Table of Contents
- Introduction
- Description of Technology
- Key Components
- Safety Issues
- Maintenance of Technology
- Maintenance Checklist
- Performance Monitoring
- O&M Cost
- Additional Support
- Sources of Information
Introduction
Unitary heating, ventilation, and air conditioning (HVAC) systems, which combine heating and cooling in one unit (packaged) or a few sections (split), are one of the most common technologies used for space conditioning in commercial buildings. They are designed to be flexible so that the equipment can be installed indoors (in a mechanical room, attics, ceilings, etc.) or outdoors (on rooftops or on the ground). Effective operations and maintenance (O&M) of these systems is necessary to maximize efficiency and production, provide occupancy comfort, and reduce failures.
The purpose of this equipment O&M Best Practice is to provide an overview of unitary HVAC equipment, maintenance requirements, and best practices necessary to operate the systems safely and efficiently. Support organizations should budget and plan for regular maintenance to assure continuous operation.
Description of Technology
Unitary HVAC equipment can provide cooling or heating only, or both cooling and heating. Cooling is most often supplied by a direct expansion (DX) system, while heating can be provided by several system types, including gas (natural or propane), electric resistance, and heat pump (air-to-air).[1]
All components can be contained in one cabinet (e.g., rooftop unit as shown in Figure 1) or they can be housed in two cabinets (e.g., split systems as shown in Figure 2). The indoor unit of a split system contains the space conditioning and air movement components, and the outdoor unit houses the heat-rejection devices.
Some features of unitary HVAC systems include:
- Smaller equipment footprint than central air handlers, chillers, and boilers.
- Ability to locate units outdoors, which reduces indoor mechanical space requirements but introduces possible vulnerability to severe weather conditions, vandalism, and other factors that must be considered.
- Ability to locate units in smaller indoor spaces (attics, ceilings, etc.) or on rooftops; service accessibility must be considered. key Components
The key elements of unitary HVAC systems depend on whether cooling or heating only or both cooling and heating are provided. There are several types of heating systems available with unitary equipment. This section describes the key components of the most commonly used technologies. Figure 1 and Figure 2 illustrate the standard components of unitary HVAC equipment.

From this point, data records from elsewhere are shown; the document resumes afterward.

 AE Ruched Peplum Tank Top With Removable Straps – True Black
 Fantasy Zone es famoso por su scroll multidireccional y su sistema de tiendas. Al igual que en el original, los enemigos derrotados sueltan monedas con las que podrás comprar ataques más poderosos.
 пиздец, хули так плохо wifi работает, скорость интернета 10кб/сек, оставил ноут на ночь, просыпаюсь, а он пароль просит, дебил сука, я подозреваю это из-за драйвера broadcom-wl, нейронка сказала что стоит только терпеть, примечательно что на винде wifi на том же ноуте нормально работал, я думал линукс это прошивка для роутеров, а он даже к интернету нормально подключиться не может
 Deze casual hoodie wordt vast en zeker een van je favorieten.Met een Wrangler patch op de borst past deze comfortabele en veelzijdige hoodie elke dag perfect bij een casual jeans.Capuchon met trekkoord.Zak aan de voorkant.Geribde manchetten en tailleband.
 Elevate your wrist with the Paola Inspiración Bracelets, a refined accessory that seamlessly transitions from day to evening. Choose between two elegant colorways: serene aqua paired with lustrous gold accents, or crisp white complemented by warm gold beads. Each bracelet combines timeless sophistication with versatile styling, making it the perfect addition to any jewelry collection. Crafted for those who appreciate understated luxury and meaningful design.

[1] This Best Practice does not address hydronic components in unitary systems.
Key Components
The key elements of unitary HVAC systems depend on whether cooling or heating only or both cooling and heating are provided. There are several types of heating systems available with unitary equipment. This section describes the key components of the most commonly used technologies. Figure 1 and Figure 2 illustrate the standard components of unitary HVAC equipment.

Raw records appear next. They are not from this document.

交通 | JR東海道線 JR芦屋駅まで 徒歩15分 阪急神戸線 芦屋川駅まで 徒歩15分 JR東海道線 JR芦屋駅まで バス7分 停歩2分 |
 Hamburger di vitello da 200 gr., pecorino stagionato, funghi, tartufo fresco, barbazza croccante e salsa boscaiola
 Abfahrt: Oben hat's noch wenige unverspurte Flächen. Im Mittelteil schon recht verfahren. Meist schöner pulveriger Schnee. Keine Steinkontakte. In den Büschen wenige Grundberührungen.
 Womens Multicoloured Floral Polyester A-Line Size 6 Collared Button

Direct Expansion Refrigerant System (DX System)
The DX system consists of the following components:
- Compressor – converts a cool, low-pressure refrigerant gas into a hot, high-pressure gas.
- Condenser coil – finned tube coil cools the refrigerant by transferring heat from the refrigerant to the outside air.
- Evaporator coil – finned tube coil provides space cooling and dehumidification by transferring heat from the air to the refrigerant.
- Thermostatic expansion valve – regulates the flow of refrigerant into the evaporator coil.
- Refrigerant – a chemical compound heat transfer medium that absorbs, transports, and releases the heat energy in the DX system.
-
Refrigerant lines – the copper piping that carries refrigerant to the various components of the DX system.
Heating System
The furnace section is the housing that contains the heating equipment.
A gas-fired heating system generally consists of the following components:
- Burner – uses a small flame to create a heat source by mixing gas and air in the combustion chamber.
- Heat exchanger – transfers heat from the combustion chamber to the unit’s airstream, providing heat to the supply air.
- Gas valve – controls the flow of gas to the heat exchanger.
- Ignition – modern furnaces use a hot surface ignitor (HSI) that glows red and ignites the gas when it comes on.
- Flame sensor – a safety device that is used to detect when HSI is used; shuts off the gas if heat is not detected.
- Flue/vent pipe – metal pipe for removal of the byproducts produced during the combustion process.
An electric heating system generally consists of the following components:
- Electric heater elements – resistance wire open-coil construction heat source.
- Heater controls – energize the elements to provide heat.
- Safety devices – including airflow switch and over-temperature protection to de-energize the heater when unsafe operating conditions are detected.
Air-to-air heat pumps have the same components as a DX system with the addition of the following devices:
- Reversing valve – changes the refrigerant flow direction to provide heating; as a result, the condenser coil acquires heat from outside air, and heat is provided to the interior space using the evaporator coil.
- Accumulator – a reservoir that prevents liquid refrigerant from entering the compressor.
Air Distribution
The following key components play an important role in providing conditioned air to the building (some of these components are shown in Figure 1 and Figure 2):
- Blower assembly – a fan with motor that supplies conditioned air. (Note: fan can be constant speed or variable speed.)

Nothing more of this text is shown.